Probabilistic satisfaction replaces binary pass/fail. Instead of “did all tests pass?” the factory measures: “Of all the observed trajectories through all the scenarios, what fraction of them likely satisfy the user?”

This probabilistic framing acknowledges that software correctness is not binary. A system can satisfy 99% of user journeys while failing edge cases. Level 6 makes this tradeoff explicit and measurable before humans accept the system for operational use.

Digital Twin Universe (DTU) enables unlimited testing. Software rarely operates in isolation. Modern applications integrate with Okta, Jira, Slack, Google Workspace, and dozens of other services. Testing against production APIs has limits: rate limiting, API costs, inability to test failure modes.

StrongDM’s DTU creates behavioral clones of third-party services. This enables testing at volumes exceeding production limits, safe failure mode testing, and running thousands of scenarios per hour without rate limiting or API costs. The DTU makes validation possible that would be impossible against real services.

The DTU is perhaps the most significant infrastructure investment required for Level 6. Without it, scenario-based validation cannot achieve the coverage necessary to replace human code review.

The Convergence Model

StrongDM describes their factory as a system where “specs + scenarios drive agents that write code, run harnesses, and converge without human review.” The key word is converge.

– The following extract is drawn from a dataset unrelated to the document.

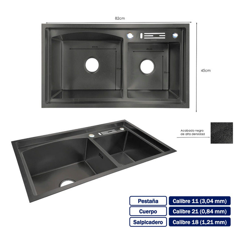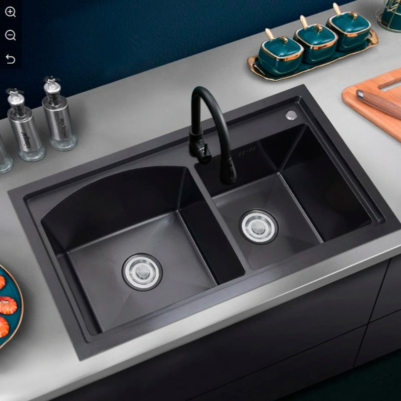 Lavaplatos Doble Pozo Con Escurridor Negro+ Accesorios

Unlike traditional development where code is written once and reviewed, the factory operates iteratively. Agents generate code, run it against scenarios, observe failures, and generate improved versions. This cycle repeats until the satisfaction metrics reach acceptable thresholds.

This convergence model is only possible because of recent advances in LLM reliability. StrongDM credits Claude 3.5 (October 2024) with achieving “compounding correctness rather than error” in long-horizon coding workflows. Earlier models would accumulate errors over extended sessions, making convergence impossible. Recent models can maintain coherence across thousands of iterations.

The combination of Cursor’s YOLO mode (continuous agent iteration without human confirmation) and reliable long-horizon models created the technical foundation for Level 6.

The Economics of Level 6

StrongDM suggests a provocative cost baseline:

“If you haven’t spent at least $1,000 on tokens today per human engineer, your software factory has room for improvement.”

At $1,000/day per engineer, a 10-person team spends $200,000/month on tokens alone—before infrastructure, tooling, or salaries. This is dramatically higher than Level 3-5 token costs.

Simon Willison, in his analysis of the Software Factory, raises the obvious concern:

“If these patterns really do add $20,000/month per engineer to your budget they’re far less interesting to me.”

The economics only work if the productivity gains exceed the costs. StrongDM’s implicit claim is that autonomous coding and review delivers enough value to justify the investment. But this remains unproven at scale across industries.

What Level 6 Requires

Level 6 is not achievable by simply removing human review from Level 5. It requires fundamentally different validation infrastructure:

Scenario libraries. Comprehensive end-to-end user stories that define what “working software” means. These must be maintained separately from the codebase and cover edge cases that would traditionally rely on human judgment.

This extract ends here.